11. General Provisions Applicable to Awards
(a) Transferability of Awards. Awards shall not be sold, assigned, transferred, pledged or otherwise encumbered
by a Participant, either voluntarily or by operation of law, except by will or the laws of descent and distribution or, other than in
the case of an Incentive Stock Option, pursuant to a qualified domestic relations order, and, during the life of the Participant, shall
be exercisable only by the Participant; provided, however, that, except with respect to Awards subject to Section 409A, the Board
may permit or provide in an Award for the gratuitous transfer of the Award by the Participant to or for the benefit of any immediate
family member, family trust or other entity established for the benefit of the Participant and/or an immediate family member
thereof if the Company would be eligible to use a Form S-8 under the Securities Act for the registration of the sale of the Common
Stock subject to such Award to such proposed transferee; provided further, that the Company shall not be required to recognize
any such permitted transfer until such time as such permitted transferee shall, as a condition to such transfer, deliver to the Company
a written instrument in form and substance satisfactory to the Company confirming that such transferee shall be bound by all of
the terms and conditions of the Award. References to a Participant, to the extent relevant in the context, shall include references
to authorized transferees. For the avoidance of doubt, nothing contained in this Section 11(a) shall be deemed to restrict a transfer
to the Company.
(b) Documentation. Each Award shall be evidenced in such form (written, electronic or otherwise) as the Board
shall determine. Each Award may contain terms and conditions in addition to those set forth in the Plan.
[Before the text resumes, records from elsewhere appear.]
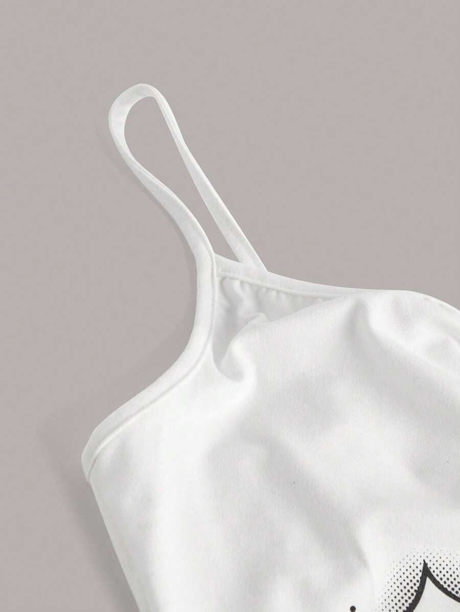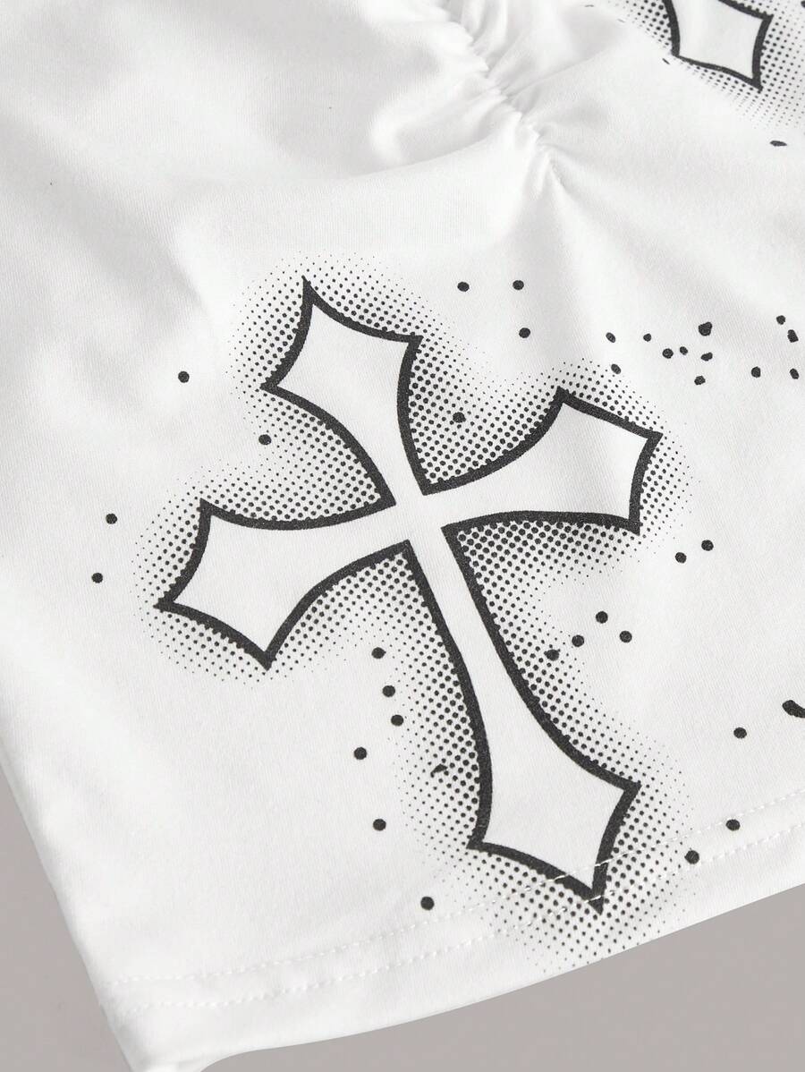 Grunge Punk Top À Fines Brides Croisé Imprimé À Ruchés
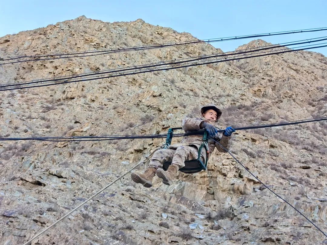 雪域高原的我们,在雪山蓝天,人迹罕至的环境里,颇有一种与世隔绝的感觉,过雪地巡线,路滑难行,战靴在步步前行中逐渐被染成白色。
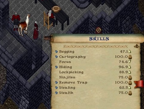 そんなヌマーですがスキルの方向性は固まっていて、鍵とハイドを100に、盗みと物乞いは余剰値でうまく考えてあげようかななんて。
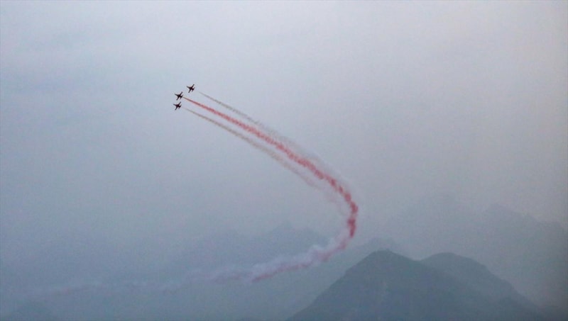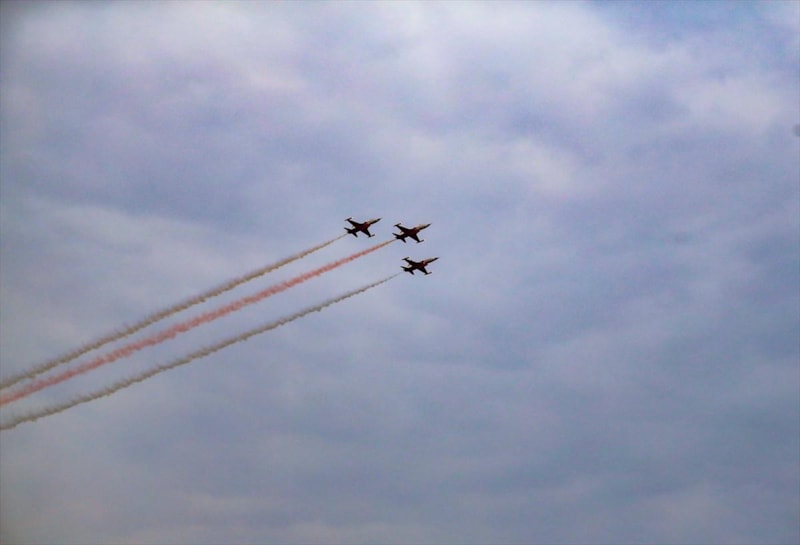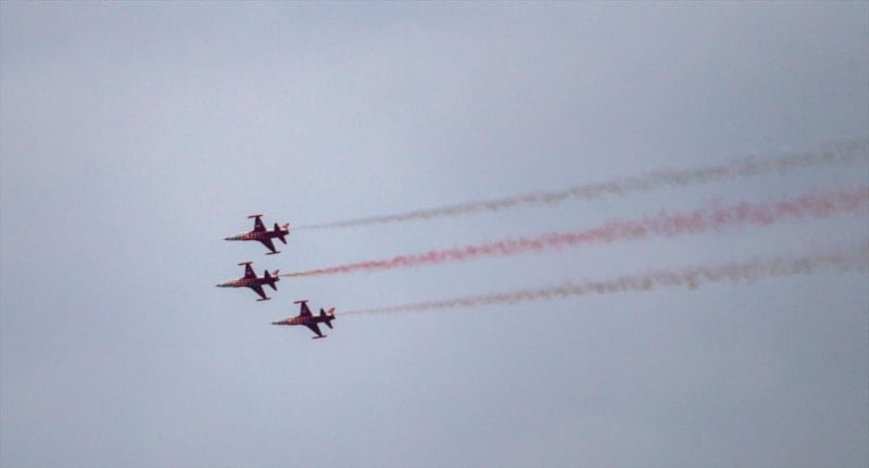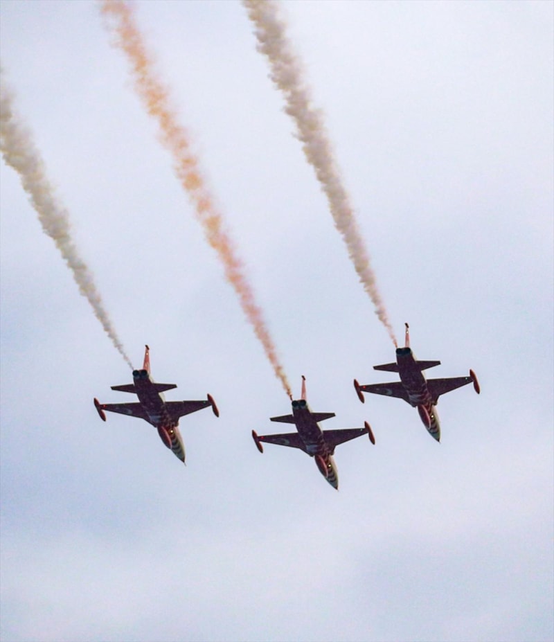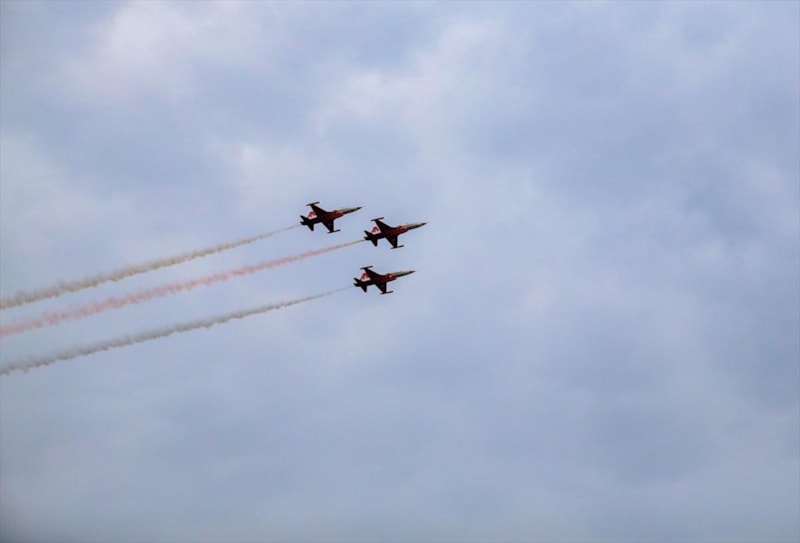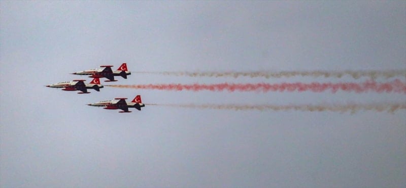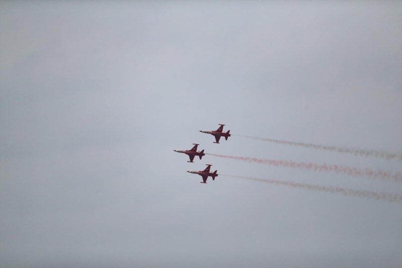 Pilotlar gösteri sonunda varyantlarda bulunan ve bugün yarıya kadar indirilmiş olan dev Türk bayrağına yakın uçuş yaparak Gazi Mustafa Kemal Atatürk'e saygı uçuşunu tamamladı.
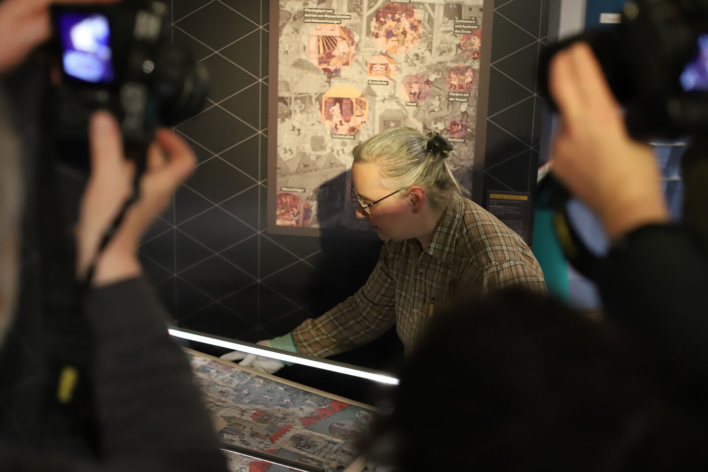 - Restauratorin Gabriele Wagner vom Landesamt für Archäologie Sachsen bringt das wertvolle "Wimmelbild" in seine Vitrine in der Sonderausstellung "Silberglanz & Kumpeltod" ein.
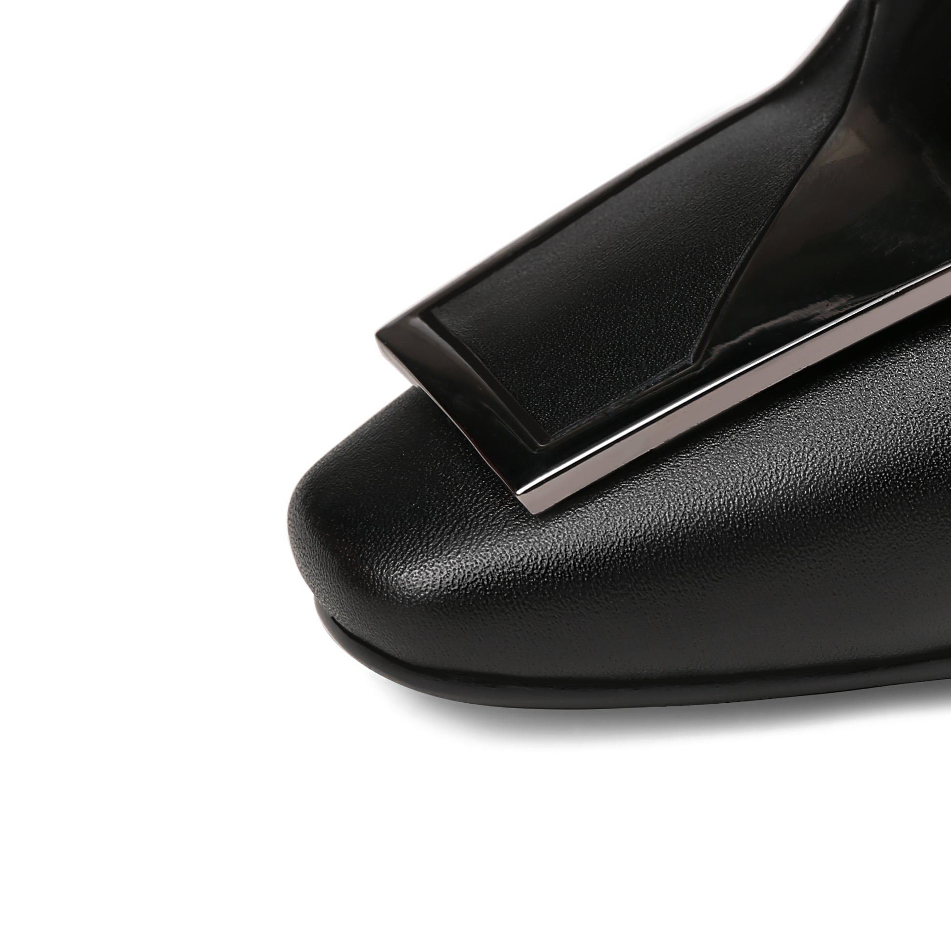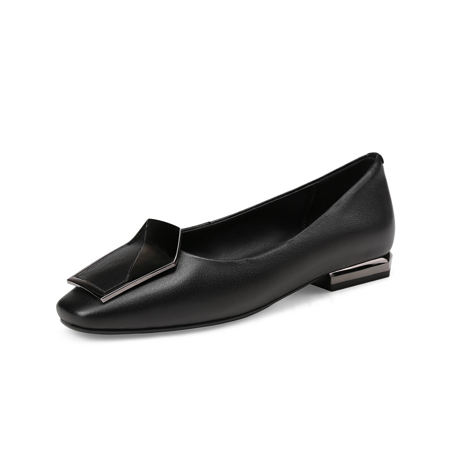 Nine Seven Women's Genuine Leather Square Toe Handmade Buckle Décor Casual Flat Shoes

(c) Termination of Status. The Board shall determine the effect on an Award of the disability, death, termination
or other cessation of employment, authorized leave of absence or other change in the employment or other status of a Participant
and the extent to which, and the period during which, the Participant, or the Participant’s legal representative, conservator, guardian
or Designated Beneficiary, may exercise rights, or receive any benefits, under an Award.
(d) Withholding. The Participant must satisfy all applicable federal, state, and local or other income and employment
tax withholding obligations before the Company will deliver stock certificates or otherwise recognize ownership of Common
Stock under an Award. The Company may elect to satisfy the withholding obligations through additional withholding on salary
or wages. If the Company elects not to or cannot withhold from other compensation, the Participant must pay the Company the
full amount, if any, required for withholding or have a broker tender to the Company cash equal to the withholding obligations.
Payment of withholding obligations is due before the Company will issue any shares on exercise, vesting or release from forfeiture
of an Award or at the same time as payment of the exercise or purchase price, unless the Company determines otherwise. If
provided for in an Award or approved by the Board, a Participant may satisfy the minimum statutory tax obligations in whole or
in part by delivery (either by actual delivery or attestation) of shares of Common Stock, including shares retained from the Award
creating the tax obligation, valued at their Fair Market Value; provided, however, except as otherwise provided by the Board, that
the total tax withholding where stock is being used to satisfy such tax obligations cannot exceed the Company’s minimum statutory
withholding obligations (based on minimum statutory withholding rates for federal and state tax purposes, including payroll taxes,
that are applicable to such supplemental taxable income). Shares used to satisfy minimum statutory tax withholding requirements
cannot be subject to any repurchase, forfeiture, unfulfilled vesting or other similar requirements.